Additionally, religion was and remains a live dividing line, or a relatively recent point of pressure in a number of countries between Roman Catholic and Protestant believers. Think of Northern Ireland in the very recent past. There the divisions only just sit beneathe the water, ever ready to explode. If historical religious issues do not form the basis of new conflict, that is only due to the secularisation of these societies.

Those or other such rifts sit in Spain, France and Italy to my knowledge. The pressures arising now will cause a polarisation which will push a number of countries to the right of where they currently sit and the regional divisions will become increasingly marked.

Mike
DavidW: Yeah Mike doesn't get angry, he gets even.
I wasted time: and time wasted me.

Purusha

#98
That argument basically amounts to saying that, because there is often infighting among siblings, we ought to abolish the very idea of family, or that at any rate it "proves" the family does not create a greater sense of cohesion among individuals (even though it proves nothing of the like).

Jo498

Quote from: Purusha on November 17, 2015, 01:57:59 AM
Simple question: do you believe Caitlyn Jenner is a woman?
No. I think Jenner is mentally disturbed.

Quote
Do you believe homosexuality is perfectly natural and normal?
natural in the trivial sense that homosexual behavior occurs in nature, abnormal in the trivial sense that it is rare.
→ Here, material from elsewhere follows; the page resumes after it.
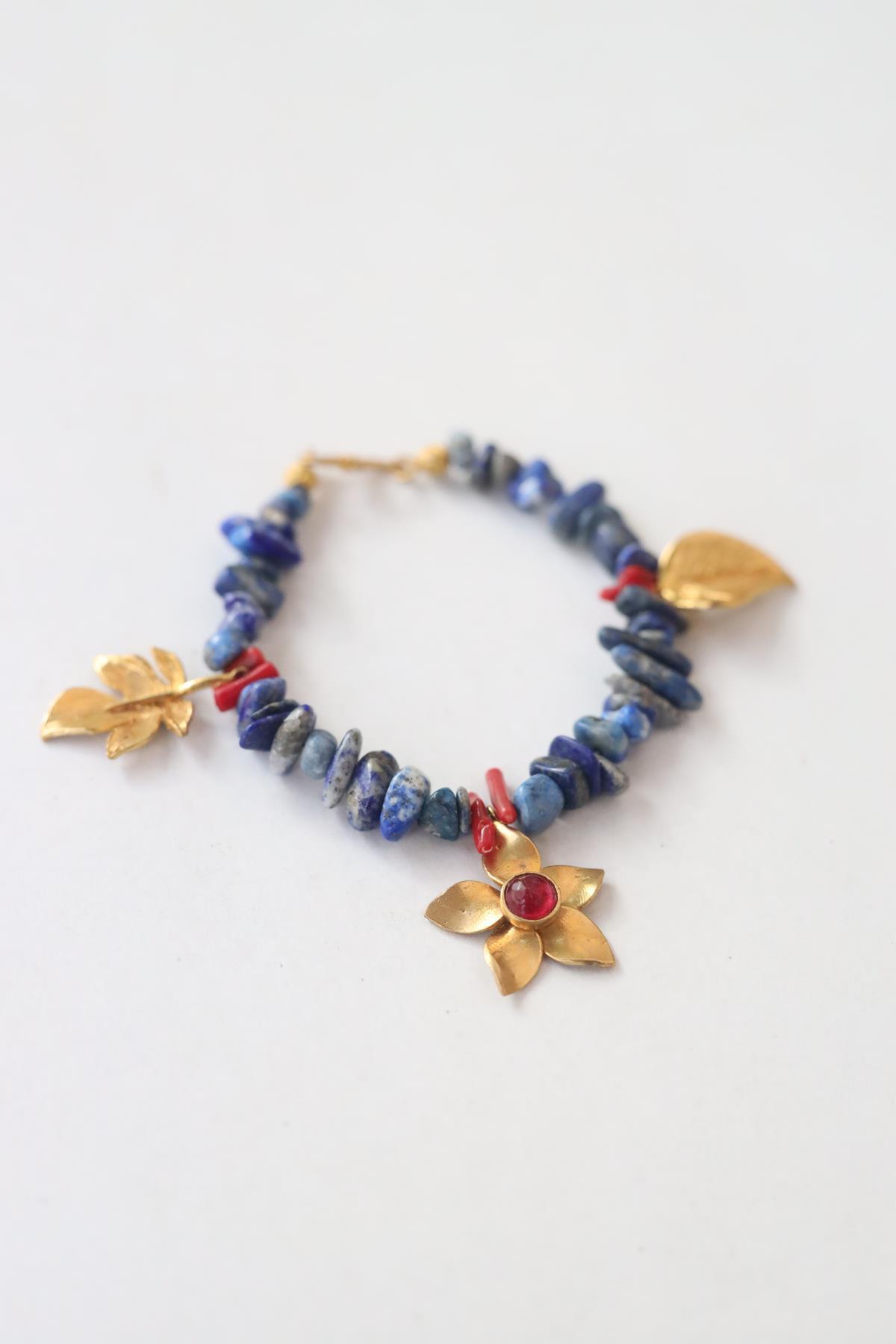 Çiçek Detaylı Lapis Bileklik

But what's the obvious connection? That we are incoherent because we cannot accomodate both muslims and out gays? Tolerance does not mean support, tolerance only means we do not put gays in jail or exclude muslims from becoming teachers etc. In that original sense we can and should be tolerant to both.

BTW, most maghreb or levante arabs or afghans are "white" if one wants to use such racial language; those guys on he police photos look "white" to me.
Tout le malheur des hommes vient d'une seule chose, qui est de ne savoir pas demeurer en repos, dans une chambre.